Putin visited ballot station number 2151 in the Russian Academy of Sciences on Moscow’s Kosygina Street.
The Russian leader cast his vote at this ballot station during the presidential election on March 4, 2012.
Several dozens of Russian and foreign journalists gathered in the hall of the Academy of Sciences. Observers from parties and candidates monitor the process.
Vladimir Putin said he will consider successful any percentage of votes allowing him to fulfill presidential duties. "Any [percentage] that allows fulfilling presidential duties," Putin said when asked which percentage of votes he would consider as successful.
Putin stressed: "I’m sure that the program which I suggest for the country is right."
Later Putin had a brief meeting with mass media representatives. "I will have several meetings with workers today," he said.
Russians are casting their ballots in the presidential election, as polls opened from the Far East region of Kamchatka to the western exclave of Kaliningrad.

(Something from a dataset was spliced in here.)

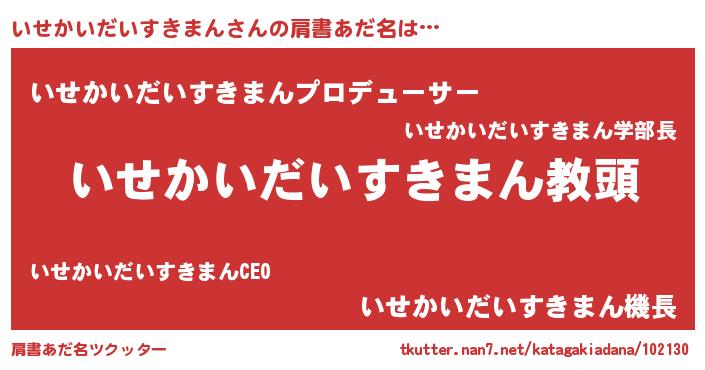 | ヘコむあだ名 | 『いせかいだいすきまん(笑)』『いせもー』 |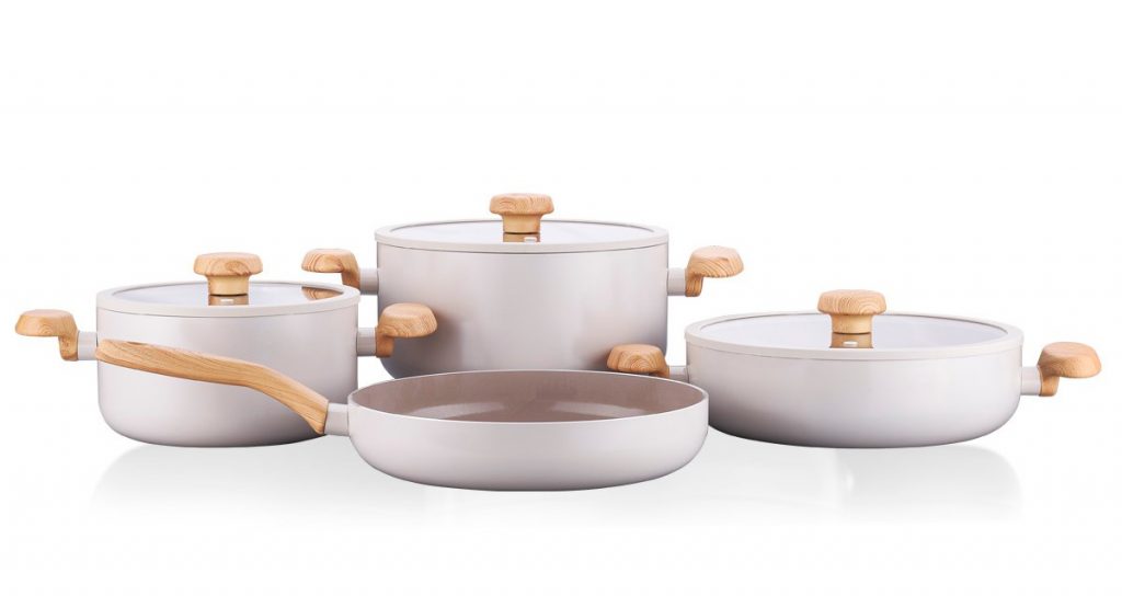 Турецкий производитель посуды Korkmaz расширил ассортимент посуды серией Mia Sera. Серия изготовлена из кованого алюминия с «керамическим» покрытием в двух вариантах цветов — мятный и ваниль. Дно посуды адаптировано для всех типов плит, включая индукционные. Посуда оснащена термостойкими ручками из бакелита.

Eight candidates are vying for the post of president.
The vote will last for a total of 22 hours, as Russians across all the country’s 11 time zones, spanning from Kamchatka and Chukotka in the East to the westernmost enclave of Kaliningrad, will be heading to polls on Sunday.

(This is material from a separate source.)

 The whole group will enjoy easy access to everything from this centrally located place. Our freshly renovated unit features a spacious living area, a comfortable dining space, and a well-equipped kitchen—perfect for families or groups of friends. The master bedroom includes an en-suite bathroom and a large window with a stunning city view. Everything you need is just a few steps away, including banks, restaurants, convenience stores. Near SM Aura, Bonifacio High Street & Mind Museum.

First polling stations welcomed early voters at 8:00 am local time [20:00 GMT] on Saturday in Kamchatka and Chukotka regions, followed by the island of Sakhalin an hour later. In Moscow, the voting started nine hours later, at 5:00 am GMT, and will proceed until the polls close at 8:00 pm [17:00 GMT].

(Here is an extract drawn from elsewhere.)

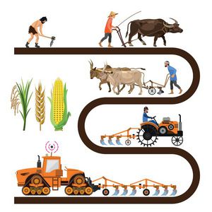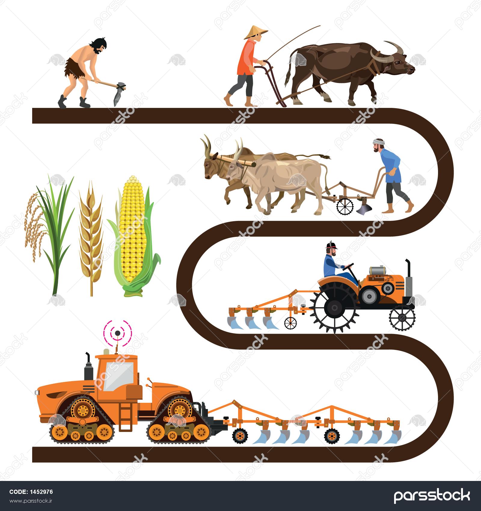 مجموعه ماشین های برداری بردار کشاورزان در شالیزار برنج برداشت می کنند تصویر برداری حیوانات مزرعه و بچه هایشان شتر گاو بز گوسفند و خوک تصویر وکتور جدا شده در پس زمینه سفید آبپاش های اتوماتیک آبیاری وکتور گلخانه ای با گوجه فرنگی و خیار تصویر برداری جدا شده بر روی زمینه سفید نمایش همه

The incumbent Putin, who is running as an independent, the Communist Party candidate Pavel Grudinin, the liberal Yabloko party candidate Grigory Yavlinsky, Liberal Democratic Party of Russia candidate Vladimir Zhirinovsky, Russian All-People's Union candidate Sergey Baburin, Maksim Suraykin from the Communists of Russia, and Civic Initative’s Ksenia Sobchak have all cast their votes at polling stations in Moscow. Boris Titov, the Party of Growth candidate, voted along with his family in the village of Abrau-Durso in the southern Krasnodar region.